To present this method let's assume measure space :math:`(X, \mathcal{A}, \mu)`, where :math:`X` is the dataset, :math:`\mathcal{A}` is a :math:`\sigma-`algebra on the set :math:`X`, and :math:`\mu` a measure; and a non-negative symmetric kernel :math:`k: X \times X \rightarrow \mathbb{R}` representing the pairwise affinity of the data points in a symmetric graph; one can define the connectivity between two points as the transition probability in a random walk using the kernel :math:`k`. Therefore, the diffusion maps technique can be based on a normalized graph Laplacian construction [7]_, [8]_, where

.. math:: p(x, y) = \frac{k(x,y)}{\int_X k(x,y)d\mu(y)}

with 

.. math:: \int_X p(x,y)d\mu(y) = 1

can be viewed as the one-step transition probability . Therefore, to construct the transition probability one can resort to the graph Laplacian normalization. In this regard, one can consider that :math:`L_{i,j} = k(x_i,x_j)` must be normalized such that :math:`\tilde{L}_{i,j} = D^{-\alpha}LD^{-\alpha}`, where

.. math: D_{i,i} = \sum_j L_{i,j}

is a diagonal matrix. Next, a new matrix $D$ is obtained from :math:`\tilde{L}`, thus

.. math:: \tilde{D}_{i,i} = \sum_j \tilde{L}_{i,j}

Therefore, the transition probability :math:`M_{i,j} = p(x_j,t|x_i)` can be obtained after the graph Laplacian normalization of :math:`\tilde{L}` such as

.. math:: M = \tilde{D}^{-1}\tilde{L}

From the eigendecomposition of :math:`M`, one can obtain the eigenvectors :math:`(\psi_0, \psi_1, \dots, \psi_N)` and their respective eigenvalues :math:`(\lambda_0, \lambda_1, \dots, \lambda_N)`. However, only :math:`k` eigenvectors and eigenvalues suffice. Thus, the diffusion coordinates are given by :math:`\Psi_i = \lambda_i \psi_i` with :math:`i=1,\dots,k`. 

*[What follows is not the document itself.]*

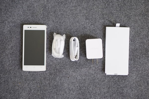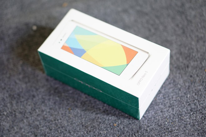 Trước khi đập hộp chiếc OPPO Neo 5 chính hãng này, bạn có thể thấy thiết kế bên ngoài hộp Neo 5 khá đơn giản khi mặt trước là ảnh của sản phẩm còn mặt sau là những thông số cơ bản của máy. Bên trong lớp vỏ màu mè, chúng ta có một chiếc hộp trắng đơn giản tinh tế với logo oppo màu xanh . Ngoài chiếc máy Neo 5, chúng ta sẽ có sách hướng dẫn cùng bộ phụ kiện cơ bản là sạc, cáp, tai nghe chính hãng OPPO.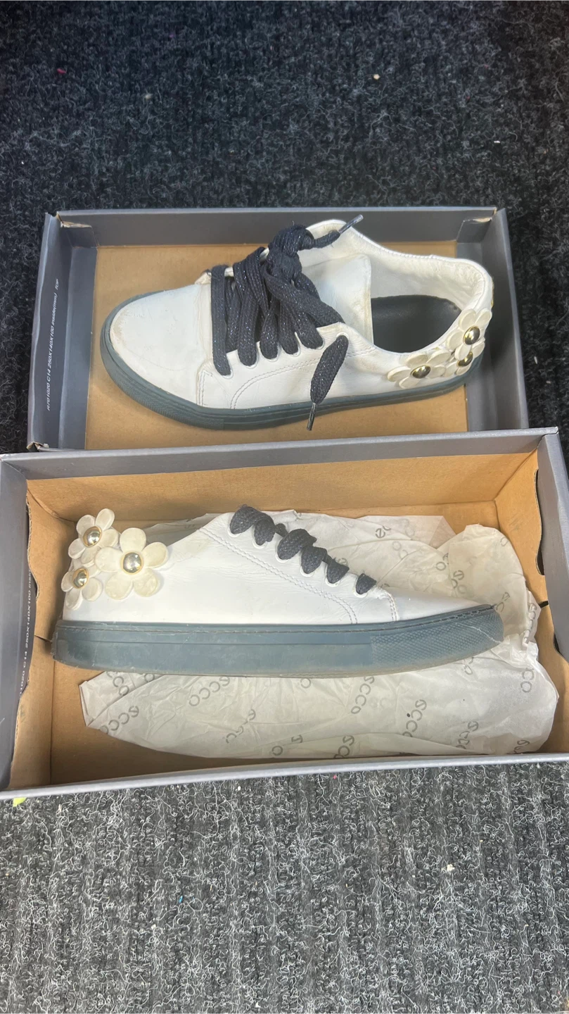 Selling a pair of Ecco Biom Trail Kids sneakers in size 10-10.5 US. These white sneakers are in good condition and come with the original box. Perfect for your little one's adventures!

Diffusion Maps Class Descriptions
^^^^^^^^^^^^^^^^^^^^^^^^^^^^^^^^^^^

The ``DiffusionMaps`` class is imported using the following command:

>>> from DimensionReduction import DiffusionMaps

One can use the following command to instantiate the class ``DiffusionMaps``

.. autoclass:: UQpy.DimensionReduction.DiffusionMaps
    :members:  

.. [1] J. Maruskin, Introduction to Dynamical Systems and Geometric Mechanics, Solar Crest Publishing, LLC, 2012:p.165.

.. [2] B. Wang, Y. Hu, J. Gao, Y. Sun, B. Yin, Low rank represen6tation on Grassmann   manifolds: An extrinsic perspective, 2015, 167arXiv:1504.01807.168.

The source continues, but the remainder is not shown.